Unfortunately I have yet to find a comfortable way of using my laptop when lying in bed!

No corners!

I had lunch a few days ago with a lovely couple who had worked as medical doctors in Zambia.

I learnt an interesting fact from them

In the native language of the Zambian people there was no word for a corner. The word "corner" just didn't exist!  They thought in terms of natural curves and flows. They lived in round huts and had no corners in anything!

They had to adapt their language after western society introduced straight lines and boxes, cubes and corners into their world. So their language adopted the English word "corner" into it.

It must be strange living in a world with no corners. Where shapes are formed naturally and are smoothed by time to be best suited for their purpose.

It must be stranger still to not have the philosophical concept of hiding in your own corner or defending your corner. What would it be like if you could not be backed into a corner with the associated connotations of foul play? Supposing you could not corner someone or you could not hide in a corner!

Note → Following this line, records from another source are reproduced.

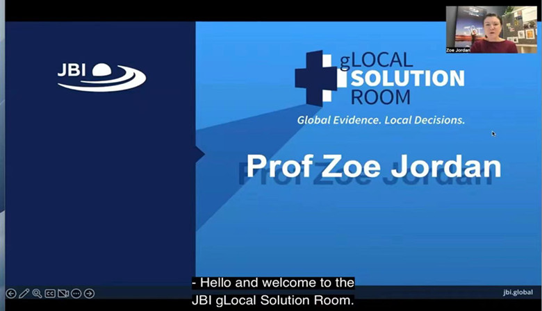 首先,Zoe Jordan 教授致欢迎辞并向参与者介绍了JBI GLOCAL SOLUTION ROOM系列活动的来源及重要意义。她表示该系列活动为不同国家和地区的卫生保健人员交流和学习循证卫生保健的知识和方法提供了重要平台,对解决临床护理问题和促进循证科学发展具有重要意义。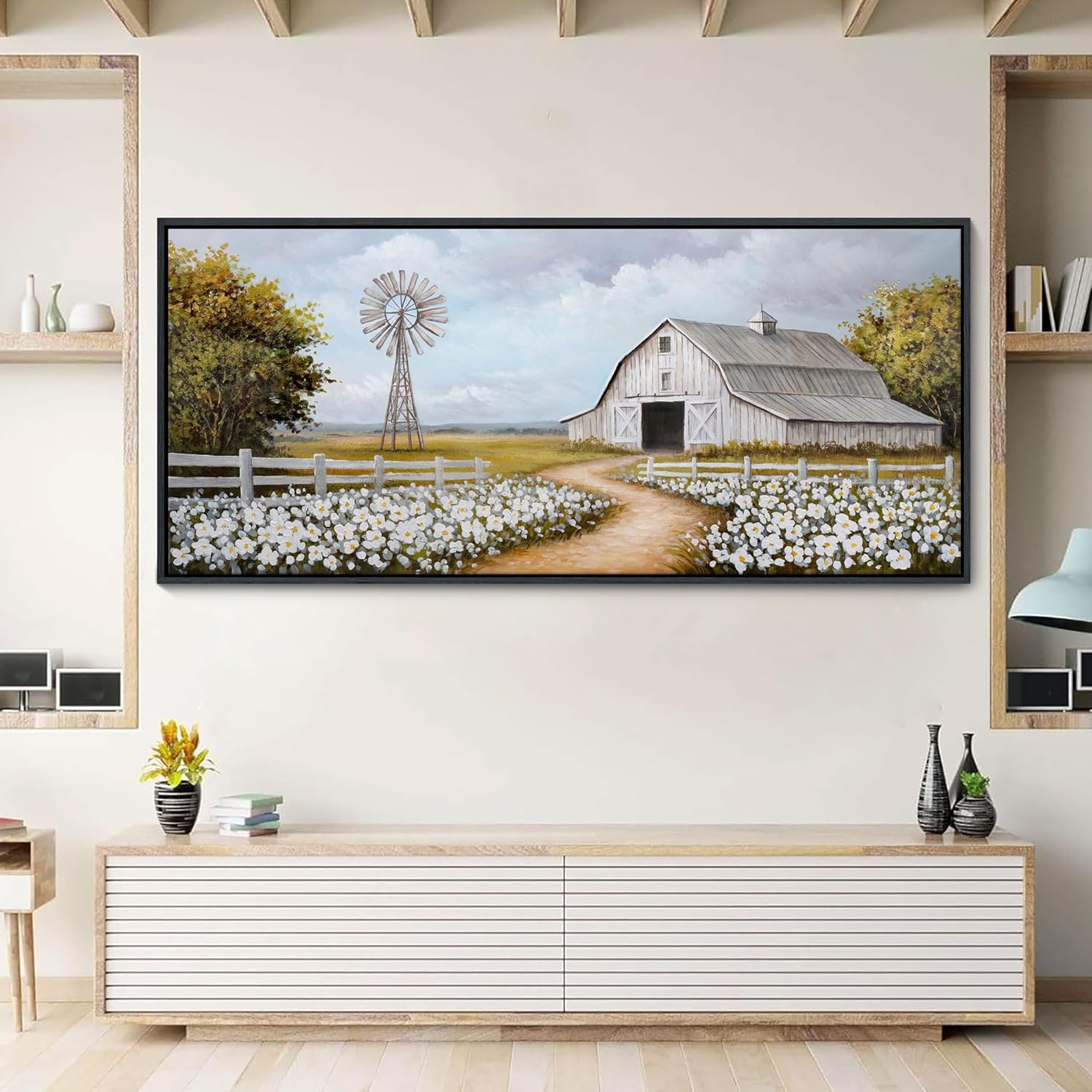 YCPRIMER Extra Large Farmhouse Wall Art Vintage Classical Painting Rustic Countryside Wildflower Field Nature Meadow Landscape Yellow Wall Decor Retro Windmill Barn Canvas Print Wilderness Artwork for Bedroom Living Room 70x31inchs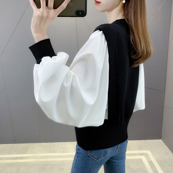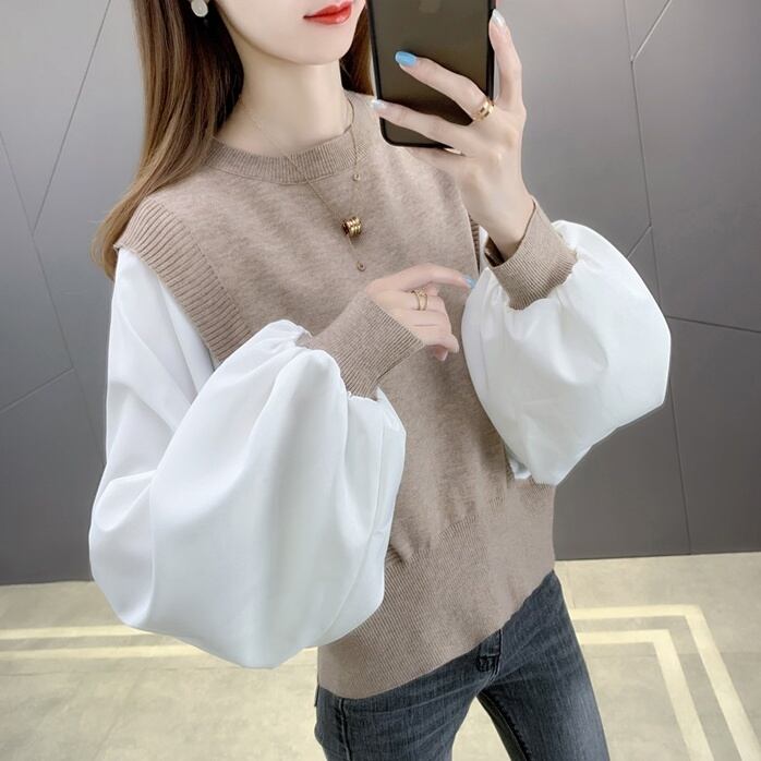 レディース トップス カットソー プルオーバー 袖あり 長袖 ボリューム袖 ラウンドネック ドッキング 切り替えデザイン 大人可愛い きれいめ カジュアル 大人 おしゃれ かっこいい 大人女子 ラフ キュート ガーリー ルーズ 個性的 S M L XL 黒 ブラック 灰色 グレー ベージュ くすみカラー 無地 秋 冬 10代 20代 30代 40代 OL 学生 デート お出かけ 公園デビュー 休日 イベント 旅行 着回し 普段使い 重ね着 韓国 韓国系 オルチャン ファッション コーデ 楽ちん 送料無料 | Rena 韓国ファッション レディースアパレル

I think there would be definite advantages to a world without corners!




Planning vs spontenaity

When writing a novel how much should you plan out before you start to write in clear prose? On the other hand, how much should you be open to spontaneity taking over and creating something magical as you go along.


I found an early plan for the novel I am working on at present yesterday. As I read it I was amazed at how much it had changed since I wrote that early synopsis. The characters were mostly the same. Some people who I had imagined would be playing a leading role now only made fleeting appearances or had disappeared all together. There were also new characters who had never been thought of at that initial stage.


The plan was still basically the same - but it was there as an overall shape or sense of direction and the detail had emerged in the writing. And the details had sometimes driven the overall trajectory to change in often subtle ways and the overall shape had often directed and inspired how the details would emerge.


Creativity is a wonderful and somewhat mysterious process. When it works well is absolutely amazing. When it doesn't you can find yourself staring at a blank computer screen for long periods of time wondering which key to hit next. At times liken that I write on my blog just to keep my fingers warm. Hmmm - you can see what I am doing now!